It is a dedicated current-sense amplifier, not a general-purpose op-amp — the gain is internally set, and the input common-mode range extends well beyond the supply rails, which is what makes it useful for high-side or low-side sensing. With an 80 kHz -3 dB bandwidth, it is fast enough to capture switching ripple in a DC-DC converter or monitor load transients in a motor drive, but not intended for wideband servo loops or audio-frequency applications. The 12 µV input offset voltage means it can resolve small shunt voltages — down to microvolt-level signals — which translates to lower power dissipation in the shunt resistor for a given current.
The 8-WLP (Wafer-Level Package) is a tiny, leadless package — essentially the bare die with solder bumps — that saves board area but demands a controlled assembly process. The mounting type is surface mount, and the package / case is 8-WFBGA, WLBGA, with the supplier device package listed as 8-WLP. Because it is a wafer-level package, the solder bumps are the only standoff; the board must have a solder mask defined pad pattern that matches the bump pitch exactly. Reflow profile follows standard lead-free (SnAgCu) recommendations, but the package is moisture-sensitive — MSL level should be verified from the latest datasheet revision before opening the sealed bag.

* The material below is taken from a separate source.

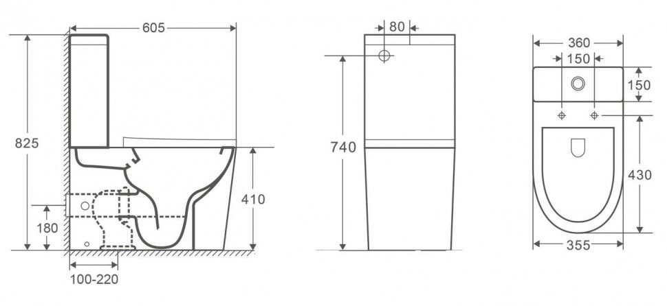 • Прилегание унитаза к стене:

Supply voltage and input offset — sizing the shunt and the rail
The 12 µV input offset voltage is the key precision spec: it sets the floor on the smallest measurable shunt voltage. For a 10 mΩ shunt, 12 µV offset corresponds to a 1.2 mA error term — acceptable for multi-amp loads, but if you need to measure tens of milliamps, a larger shunt value or a lower-offset part would be needed. The input bias current is 65 µA, which flows into the shunt and can introduce a small additional error if the shunt resistance is high. For a 10 mΩ shunt, 65 µA × 10 mΩ = 0.65 µV, negligible against the 12 µV offset. The dual-channel configuration lets you monitor two independent current paths — for example, the input and output of a power supply, or two phases of a motor — with one IC.